Due to circumstances beyond my control I do not have children of my own. I don’t dwell on it. It is what it is. So I turn my nurturing instincts instead to my four-legged, fuzzy children, all of whom teach me valuable lessons as I wear the mantle of nurturer.

Experience has shown me that how we nurture someone or something will either bless us, or come back to haunt us. It’s one of the reasons, I suspect, it’s so important to be mindful of our decisions and interactions with others.

It also pays, I’ve found, to be discerning with respect to the kinds of influences we invite into our lives. What we take in we inevitably dish out, whether we intend to, or not. Remember the saying “Garbage in; garbage out?”

So … I have this horse, and …

… as I nurture him past his spooks and moments of discomfort I, in turn, learn to negotiate the spooks and discomfort in my own life more effectively

… as I nurture him to a more athletic way of being under saddle I, in turn, am more athletic in the saddle

… as I nurture his mind, body and spirit with daily rituals of grooming, exercise and feeding I, in turn, am more mindful of my own self-care

… as I nurture his playful spirit I, in turn, am more playful

… as I nurture his happy nature my nature, in turn, assumes one of happiness.

It’s really very simple.

The obvious reward for being a diligent and loving, caring nurturer is the pure joy of seeing whatever we’ve nurtured, thrive. In my case, it’s Bear. The fact that I, too, can thrive from this experience is a happy, and most welcome, side effect.

Happy Mother’s (Nurturer’s) Day!

Nurture what you love …

Horse Mom

Please participate in the poll in my post Poll: You and Horses

Copyright Aimwell Enterprises 2012

… and this is Bear …

I love to admire my handsome Bear. In person or by image, his incredible beauty in body and spirit always brightens my day. He is the perfect panacea when I’m feeling blue.

And, as far as I’m concerned, he is the most beautiful horse in the whole world. (Every horse mom thinks their equine baby is the most beautiful in the world … ) And why not? He is, after all, my de facto “child” — the recipient of the tender ministrations my own children might have received had I been able to have any.

As the proud Mama Bear (I just made that up! Ha! 🙂 ) of this 10-year-old, 16.3 hand, dark bay Hanoverian boy of superior handsomeness, I naturally feel compelled, on occasion, to whip out the old (well, new) Nikon D7000 and photograph him ad nauseam. And, as any proud parent would I share, and gush, over the images with my friends and family, whether they want to see them or not.

In the spirit of the proud parent, today’s post is a quasi photo album of Bear’s Wednesday training session with my friend Christine in the saddle.

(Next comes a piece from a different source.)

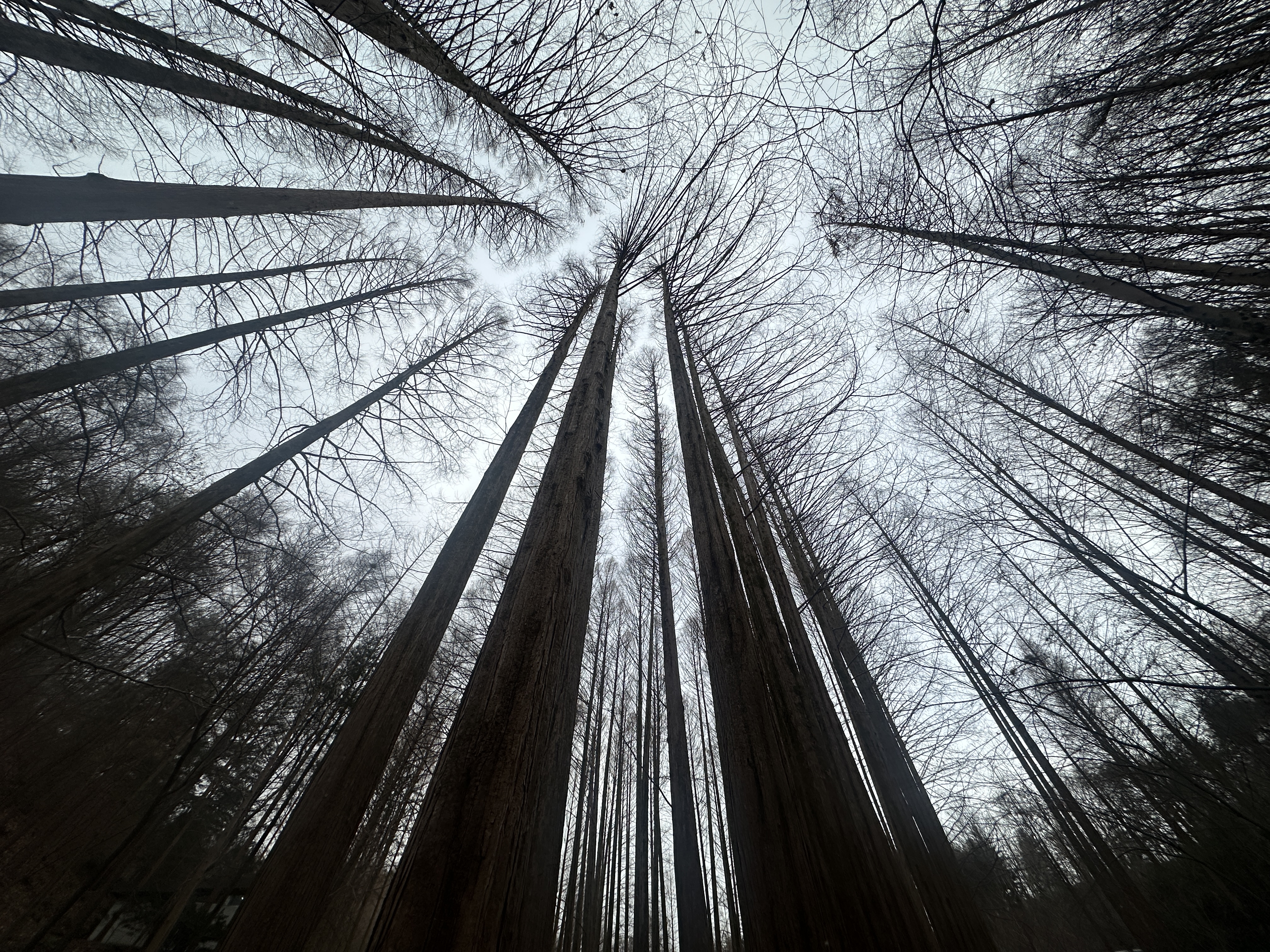 눈 송이가 하나 둘 떨어져, 문득 하늘을 올려다봤을 때, 또 한 번 숨을 멎게 되는 광경을 마주하였습니다. 하늘로 쭉 이어진 사다리처럼 하늘을 향해 손을 뻗고 있는 나무들의 모습이었죠. 제게는 마치 나무 본체가 하늘을 향해 쭉 뻗은 거대한 팔뚝 같았고 그 옆으로 돋아난 가지들은 그 팔뚝에 돋아나 있는 솜털처럼 보였습니다. 그래서인지 저도 모르게, 나무의 소실점을 향해 팔을 쭉 펴보곤 했었죠. 또 한 편으로는, 다람쥐나 다른 작고 귀여운 동물들이 나무들을 놀이기구 삼아 신나게 오르락내리락하며 놀고 있을 것 같은 상상까지 해보게 됐습니다. 얼핏 보면 섬뜩해 보일 수도 있지만, 이곳에서 느껴지는 특유의 따뜻함 덕분에 이런 생각과 상상도 해볼 수 있게 되는 거겠죠.

A quiet and gifted rider, Christine occasionally babysits and rides Bear for me when my health or travels won’t permit. Bear adores her, which pleases me, for as every parent knows … it’s important to have a reliable and trustworthy baby sitter.

So, let’s get started …

So, here he is working at the trot. … Oh, what a handsome boy!! … And look how beautifully decked out he is in pale pink polo bandages to match Christine’s shirt! … Like me, Christine feels that colour co-ordination is important. I doubt that Bear cares one way or the other, but if I’m happy, he’s happy. … Besides looking smart the bandages actually serve as protection for his delicate lower legs where the hardworking tendons and ligaments hug the cannon bone just below the skin’s surface. Such fragile beasties …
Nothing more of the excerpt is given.